RECORD EXTRACTS:
<<<<

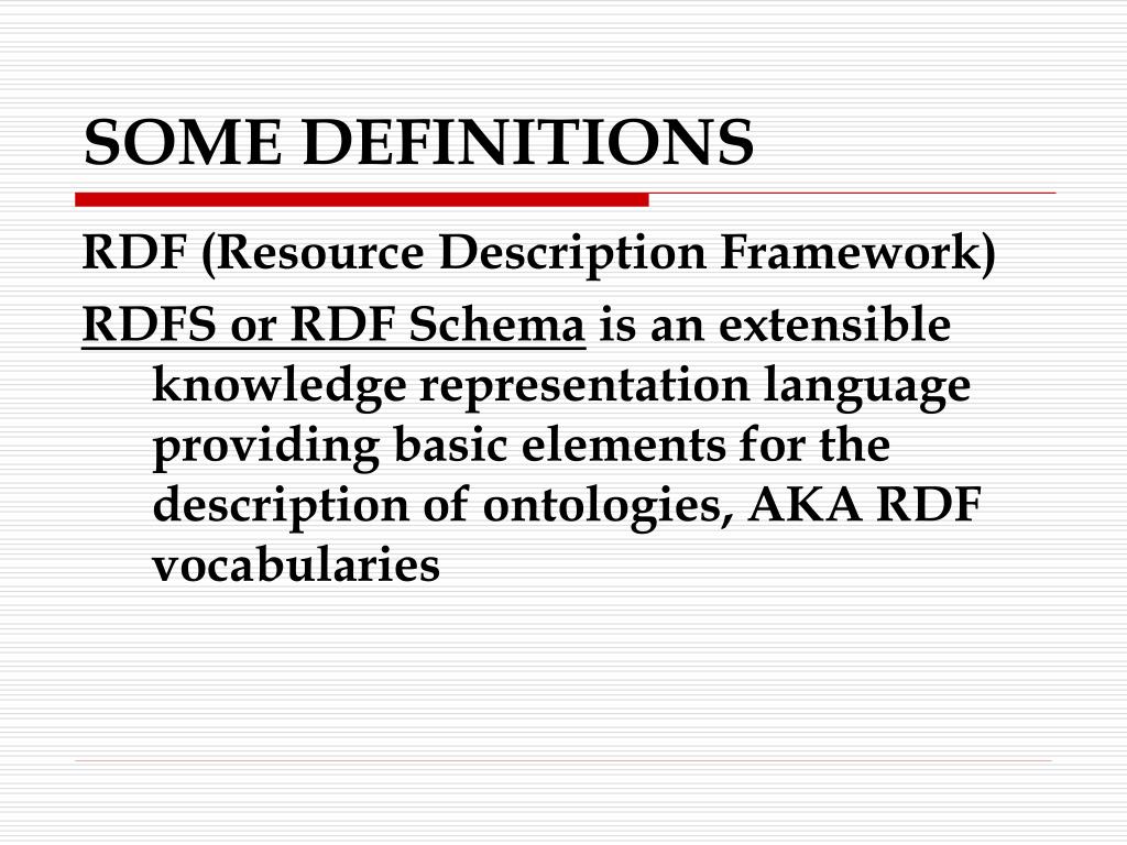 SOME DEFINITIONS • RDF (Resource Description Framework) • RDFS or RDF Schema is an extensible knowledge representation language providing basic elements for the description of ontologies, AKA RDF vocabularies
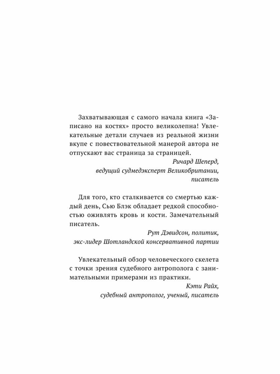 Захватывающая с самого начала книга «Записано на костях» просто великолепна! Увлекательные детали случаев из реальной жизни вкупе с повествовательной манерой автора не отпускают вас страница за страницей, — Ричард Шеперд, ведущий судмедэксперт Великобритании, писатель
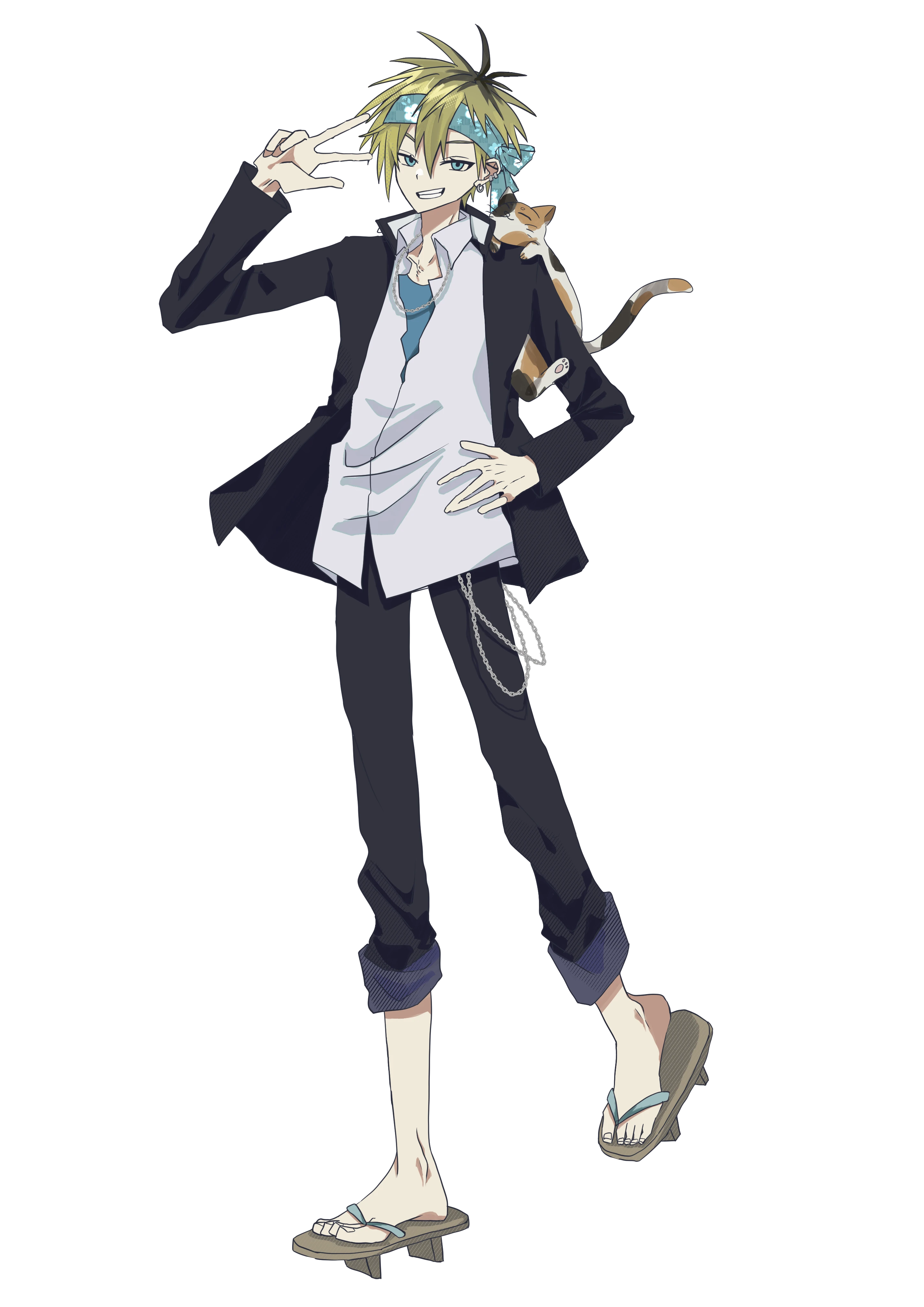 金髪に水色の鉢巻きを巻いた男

>>>>
<<<<

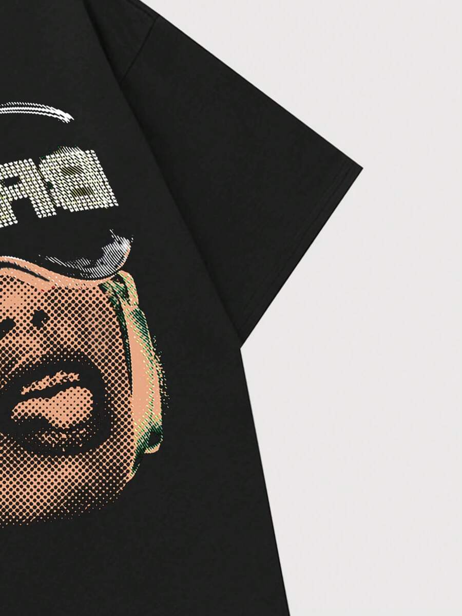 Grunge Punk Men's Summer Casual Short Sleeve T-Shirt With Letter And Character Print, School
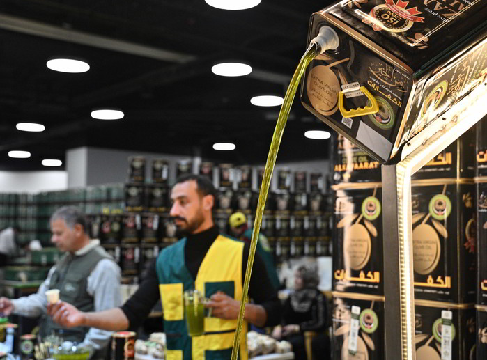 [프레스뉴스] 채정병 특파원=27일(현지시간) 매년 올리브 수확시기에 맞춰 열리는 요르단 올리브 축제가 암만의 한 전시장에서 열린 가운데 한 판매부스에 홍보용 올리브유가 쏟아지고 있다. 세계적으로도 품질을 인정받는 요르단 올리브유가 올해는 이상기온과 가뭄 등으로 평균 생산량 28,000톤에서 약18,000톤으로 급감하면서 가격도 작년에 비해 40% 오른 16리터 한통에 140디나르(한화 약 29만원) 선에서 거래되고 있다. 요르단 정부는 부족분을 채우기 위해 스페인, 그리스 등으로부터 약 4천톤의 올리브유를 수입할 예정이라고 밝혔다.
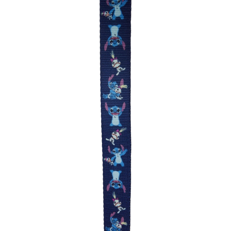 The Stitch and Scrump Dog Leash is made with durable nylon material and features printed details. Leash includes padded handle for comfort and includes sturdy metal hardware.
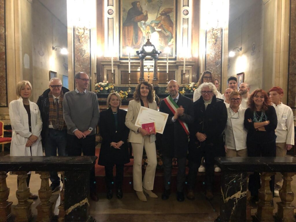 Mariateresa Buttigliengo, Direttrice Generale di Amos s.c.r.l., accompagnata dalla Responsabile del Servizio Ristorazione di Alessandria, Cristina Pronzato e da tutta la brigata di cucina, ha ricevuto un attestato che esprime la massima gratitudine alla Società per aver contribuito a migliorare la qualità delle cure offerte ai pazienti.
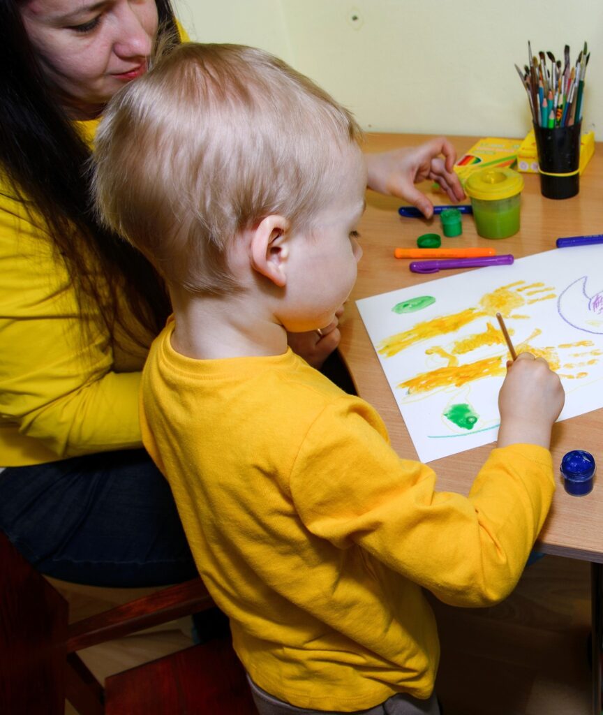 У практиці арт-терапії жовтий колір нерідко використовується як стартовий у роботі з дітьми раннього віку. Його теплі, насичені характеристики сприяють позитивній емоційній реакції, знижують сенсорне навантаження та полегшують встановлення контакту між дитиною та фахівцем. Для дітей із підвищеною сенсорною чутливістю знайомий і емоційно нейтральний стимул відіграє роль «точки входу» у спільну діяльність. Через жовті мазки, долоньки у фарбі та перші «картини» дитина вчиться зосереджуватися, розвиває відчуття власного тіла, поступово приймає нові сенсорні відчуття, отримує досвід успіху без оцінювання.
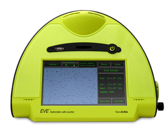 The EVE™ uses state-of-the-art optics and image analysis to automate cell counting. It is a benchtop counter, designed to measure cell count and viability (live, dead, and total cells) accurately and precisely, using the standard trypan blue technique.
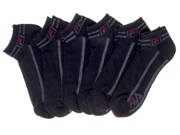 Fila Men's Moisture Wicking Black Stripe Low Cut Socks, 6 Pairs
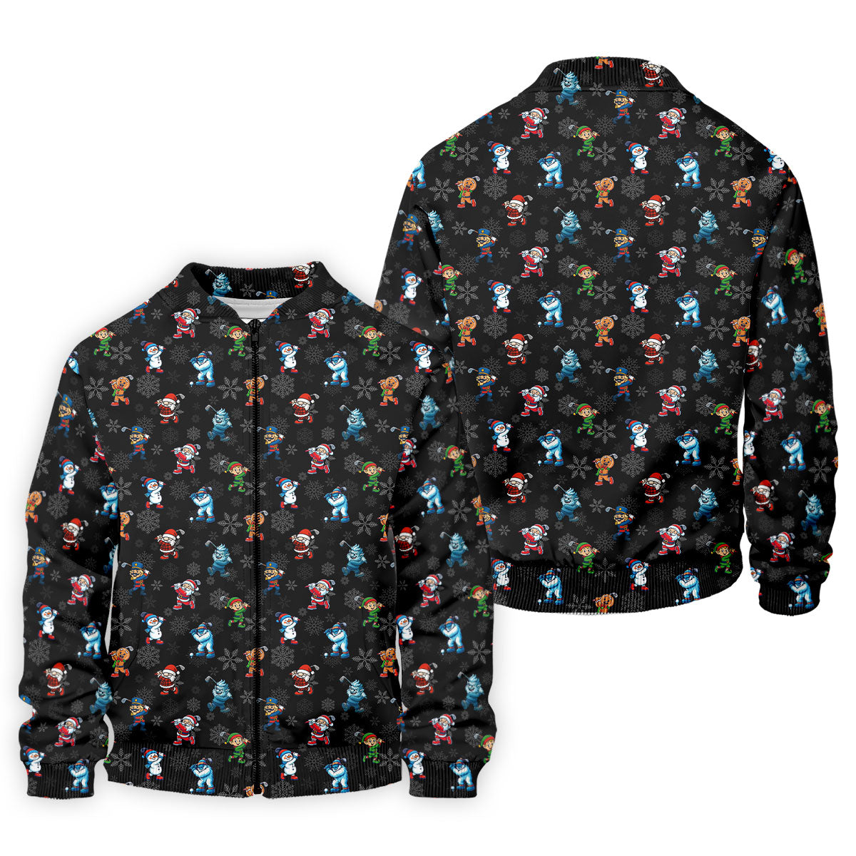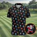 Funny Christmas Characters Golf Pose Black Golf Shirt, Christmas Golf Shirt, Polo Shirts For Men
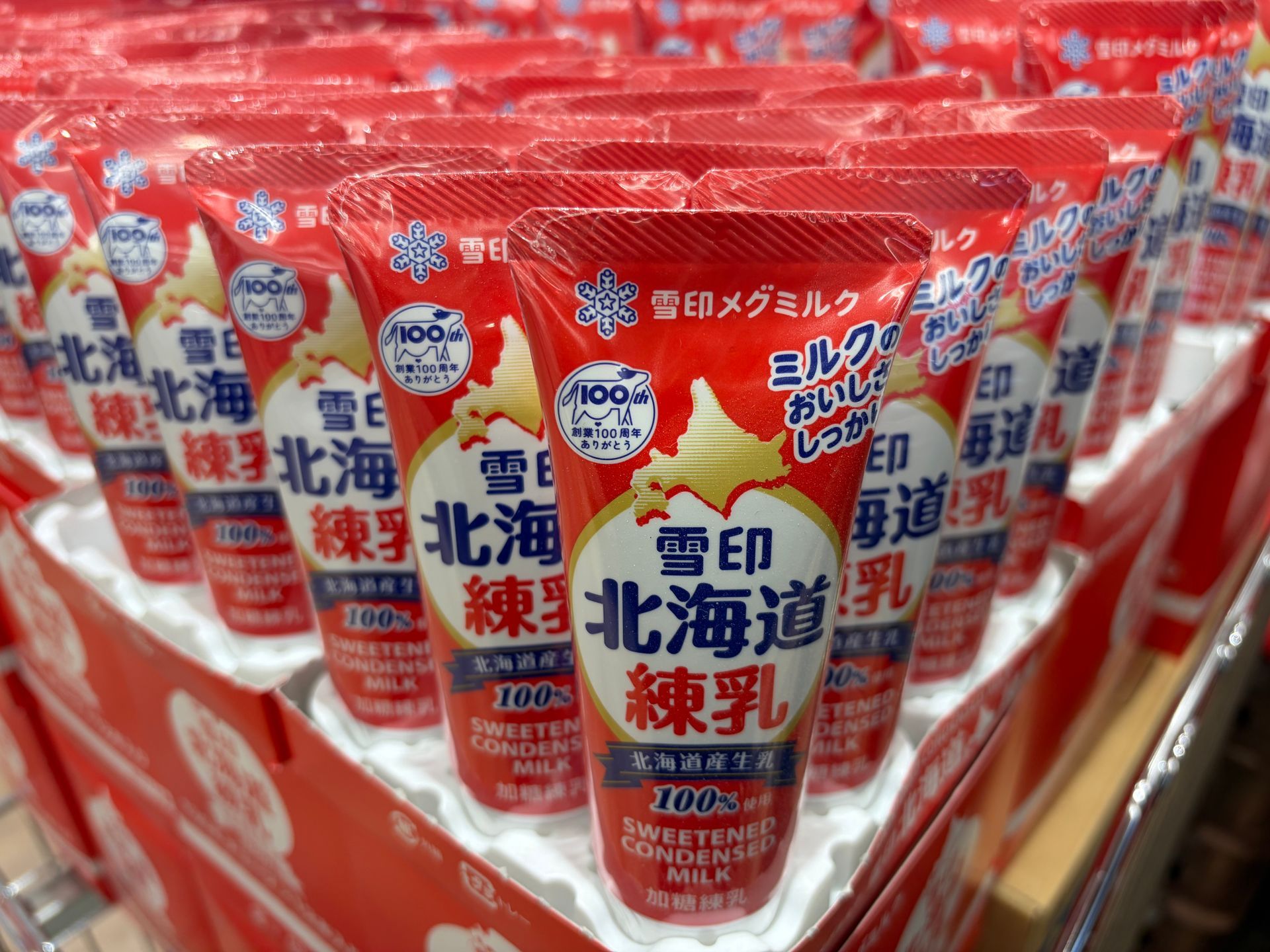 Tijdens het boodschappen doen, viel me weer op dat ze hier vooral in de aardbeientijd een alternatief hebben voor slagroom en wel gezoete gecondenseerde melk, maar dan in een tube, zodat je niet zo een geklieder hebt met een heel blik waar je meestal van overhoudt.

>>>>
<<<<

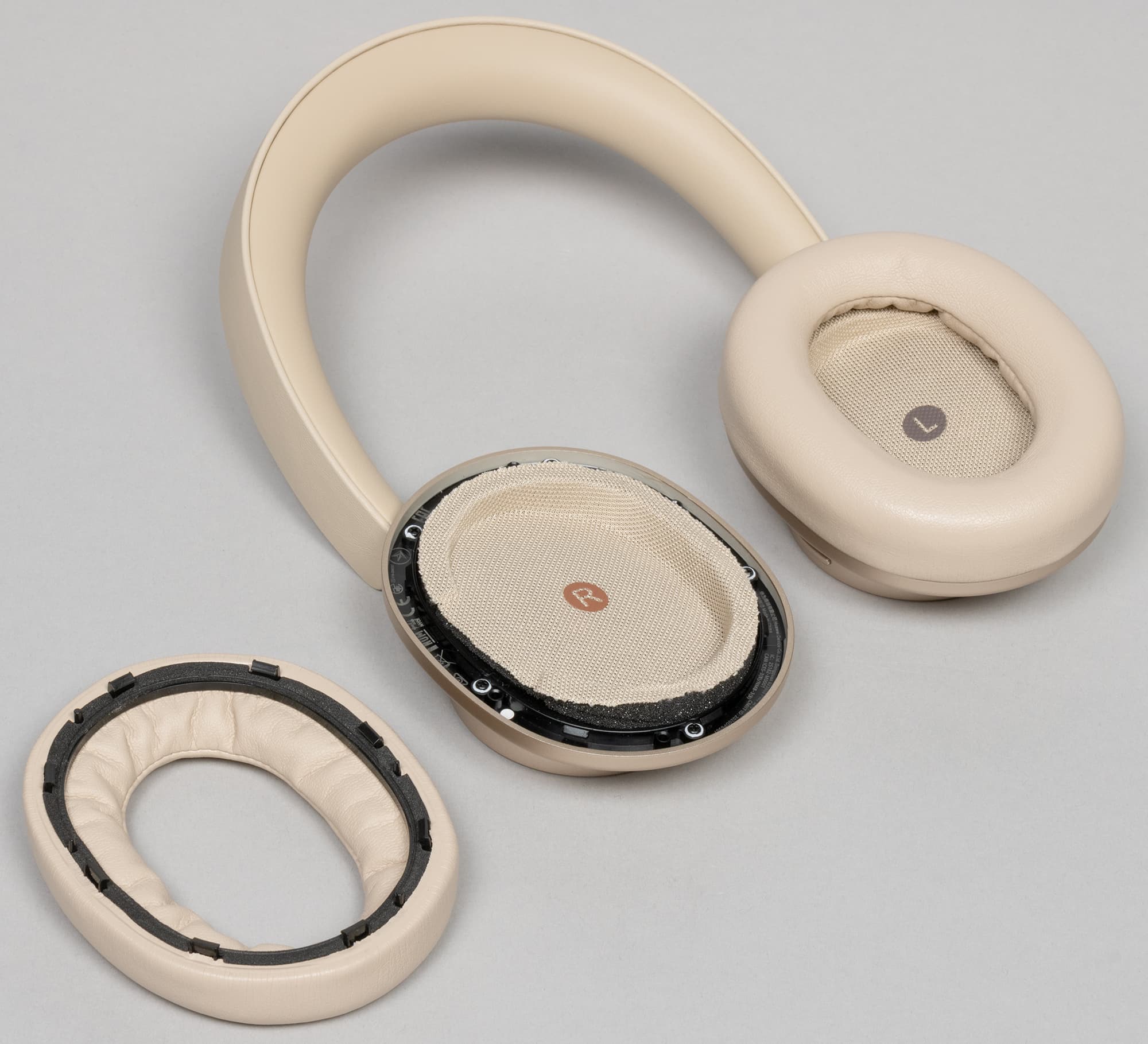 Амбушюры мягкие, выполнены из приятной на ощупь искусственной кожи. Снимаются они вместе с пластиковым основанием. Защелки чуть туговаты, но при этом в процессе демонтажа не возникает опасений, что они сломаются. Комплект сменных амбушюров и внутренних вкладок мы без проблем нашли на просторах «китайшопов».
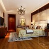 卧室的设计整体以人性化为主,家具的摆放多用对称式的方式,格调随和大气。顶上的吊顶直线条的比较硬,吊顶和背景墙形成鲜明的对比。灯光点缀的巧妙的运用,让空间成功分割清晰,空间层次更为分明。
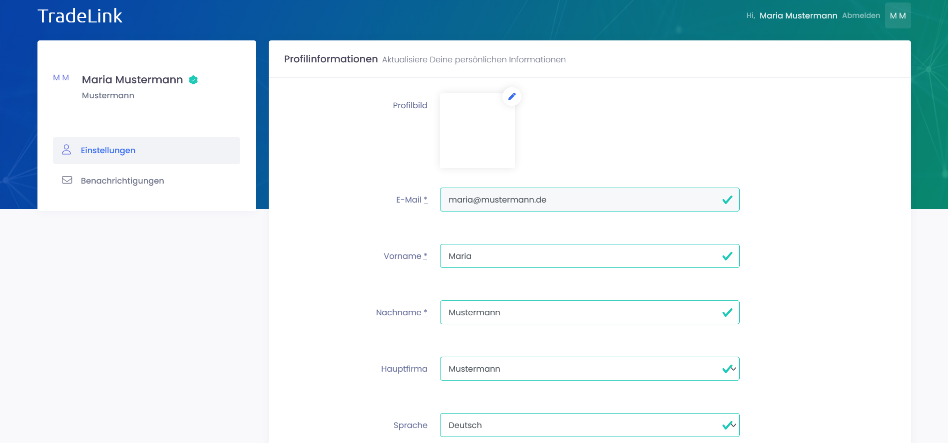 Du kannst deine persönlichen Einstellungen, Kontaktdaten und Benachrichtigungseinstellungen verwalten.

>>>>

Would you please repeat only the lines above, beginning at the one that has "Амбушюры мягкие, выполнены" and stopping after the one that has "Du kannst deine", exactly and with no pictures?

EXPECTED ANSWER:
 Амбушюры мягкие, выполнены из приятной на ощупь искусственной кожи. Снимаются они вместе с пластиковым основанием. Защелки чуть туговаты, но при этом в процессе демонтажа не возникает опасений, что они сломаются. Комплект сменных амбушюров и внутренних вкладок мы без проблем нашли на просторах «китайшопов».
 卧室的设计整体以人性化为主,家具的摆放多用对称式的方式,格调随和大气。顶上的吊顶直线条的比较硬,吊顶和背景墙形成鲜明的对比。灯光点缀的巧妙的运用,让空间成功分割清晰,空间层次更为分明。
 Du kannst deine persönlichen Einstellungen, Kontaktdaten und Benachrichtigungseinstellungen verwalten.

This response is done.